Я знал, что только притворным смирением и лживым раскаянием можно тронуть их волосатые сердца.
Баба Маня, собственно, была самым слабым звеном в деле моего освобождения, но я понял, что без нее не обойтись.
Она иной раз заговаривалась, с телефоном обращалась, как с живым существом, объясняла ему, куда собралась звонить, и подробно излагала содержание своего предстоящего монолога.
А что, если она спросонья не поймет, о чем идет речь или испугается слова милиция? Недаром, когда мы, бывало, собирались с Женей в кинотеатр «Тбилиси» на последний сеанс, она всегда спрашивала: вы билеты не забыли? ключи взяли? а паспорта?
В первый раз Женя удивилась:
– А зачем паспорта?
– А вдруг облава.
Но баба Маня не подкачала, лысый майор коротко, но толково допросил ее, и обратился ко мне совсем по-свойски.
– Что же ты сразу про бабку не сказал? А то наплел тут целый роман, сочинитель моржовый.
– Ты вот что, – это уже старшине, – отвези его домой.
Доро́гой водитель мрачно молчал, он, видимо, считал, что я – плут и выжига, сумевший запорошить глаза начальству.

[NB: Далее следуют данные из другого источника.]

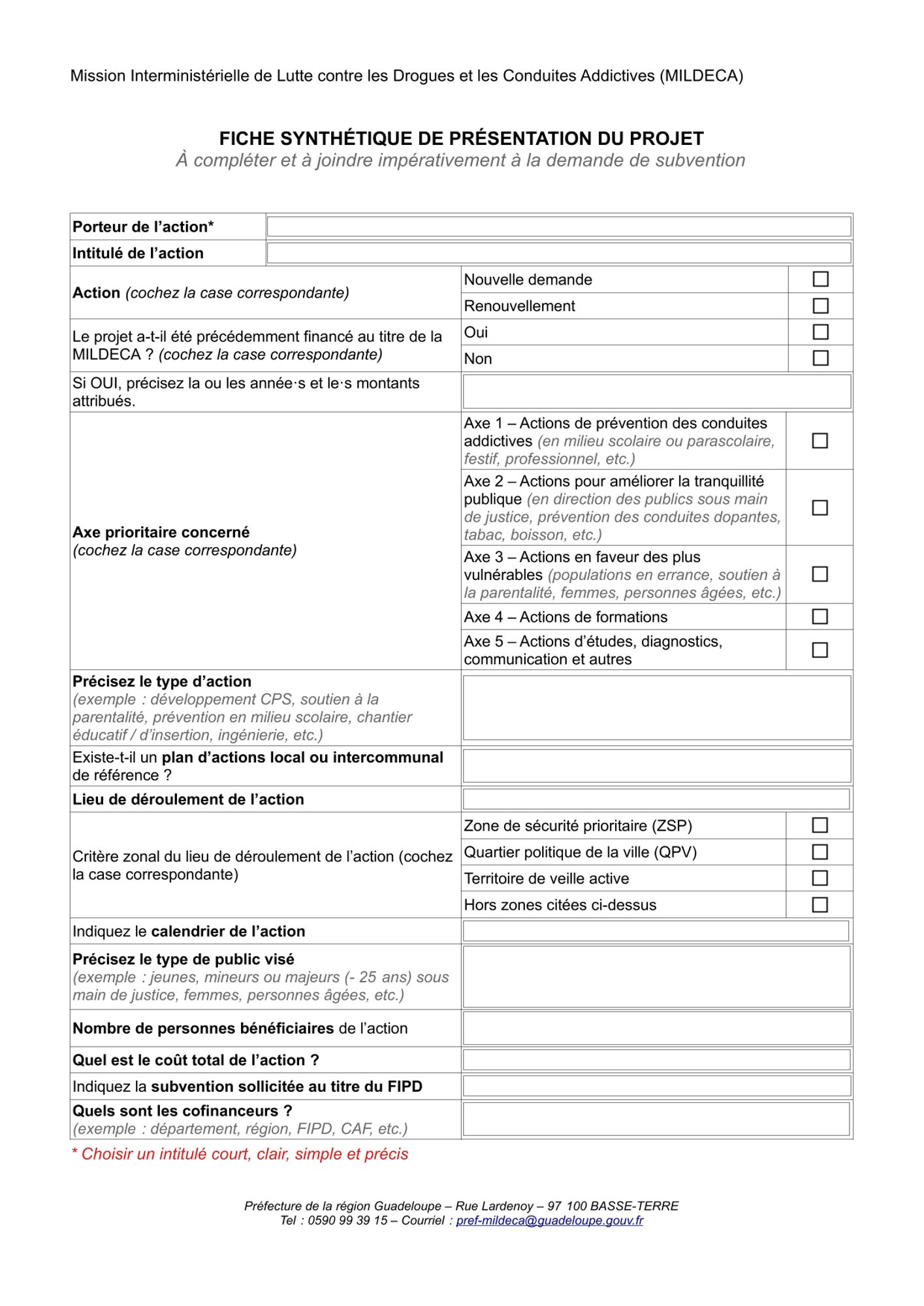 Pour plus d'indications et téléchargement des documents consulter le site Internet de la Préfecture de région Guadeloupe
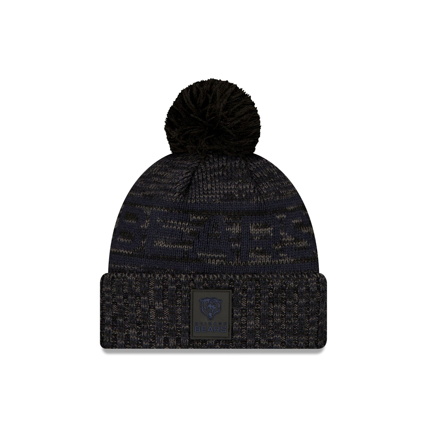 The Chicago Bears 2025 Sideline Cold Weather Black Pom Knit Hat features a sewn-down silicone Bears black logo patch at the front cuff with a matching Official NFL Shield logo at the rear. Additional details include a team wordmark across the crown, a one-time removeable black pom, and a fleece lining.
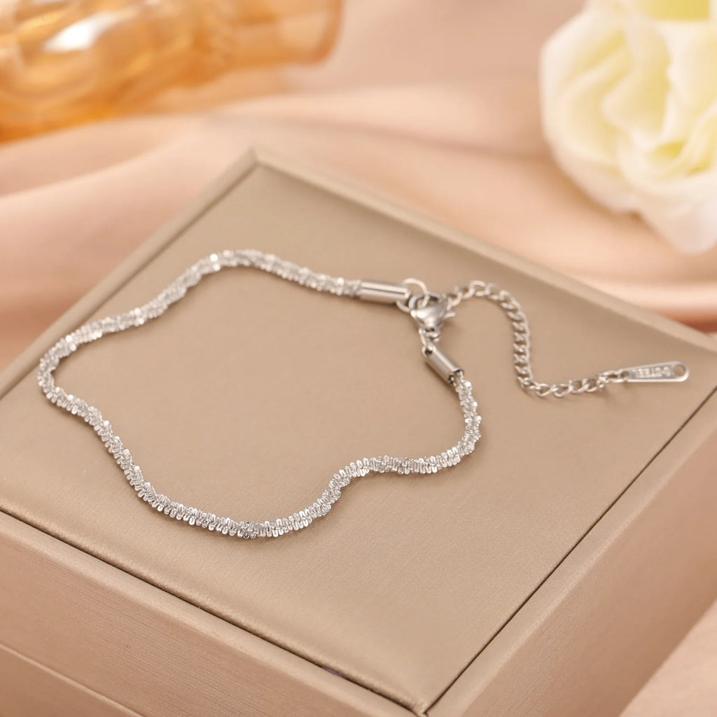 HIPEE Fashion Shiny Basic Chain Bracelet for Women Girls Stainless Steel Link Chain Adjustable Bracelets Sparkling Twists Bangle
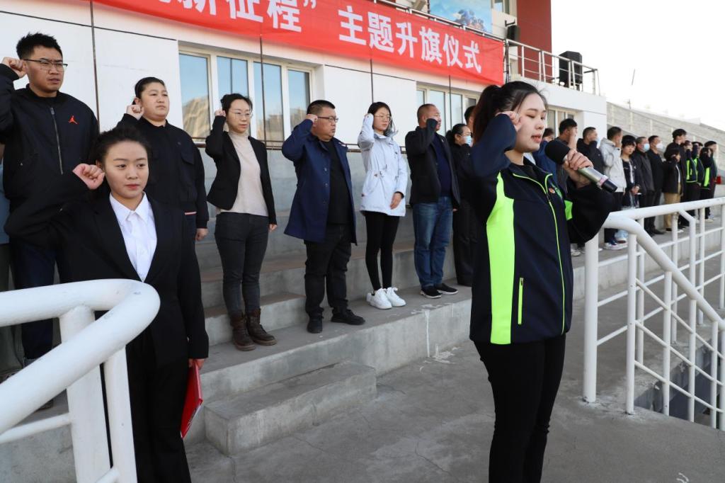教官团成员昂首阔步,意气风发,以饱满的精神状态走向旗台,在庄严的国歌中,五星红旗冉冉升起,全体人员庄严肃立,高唱国歌,面向国旗行注目礼。
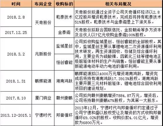 除了邦普循環(huán)、贛州豪鵬兩大回收領(lǐng)軍企業(yè)相繼被寧德時代、廈門鎢業(yè)控股后。近期,鵬輝能源、兆新股份、天奇股份都擬通過資本市場將湖南鴻躍、鹽城星創(chuàng)、恒創(chuàng)睿能、金泰閣、乾泰技術(shù)等第三方電池回收企業(yè)收入囊中。

В семь утра я вошел домой.
Баба Маня попеняла мне на меня же за ночное отсутствие. Не обращая внимания на её попреки и сетования, я принял горячую ванну, выпил два стакана крепкого свежезаваренного чая с лимоном и медом, отправил Илью в школу, постелил себе чистое белье и уснул сном праведника.
Проснувшись, я, сколько мог, почистил пальто, повесил его на плечиках над ванной, успокоил бабу Маню, изложив ей в высшей степени благонамеренную и фантастическую версию своих ночных похождений, где самым ярким эпизодом было спасение утопающей благородной вдовы с двумя бедными сиротами.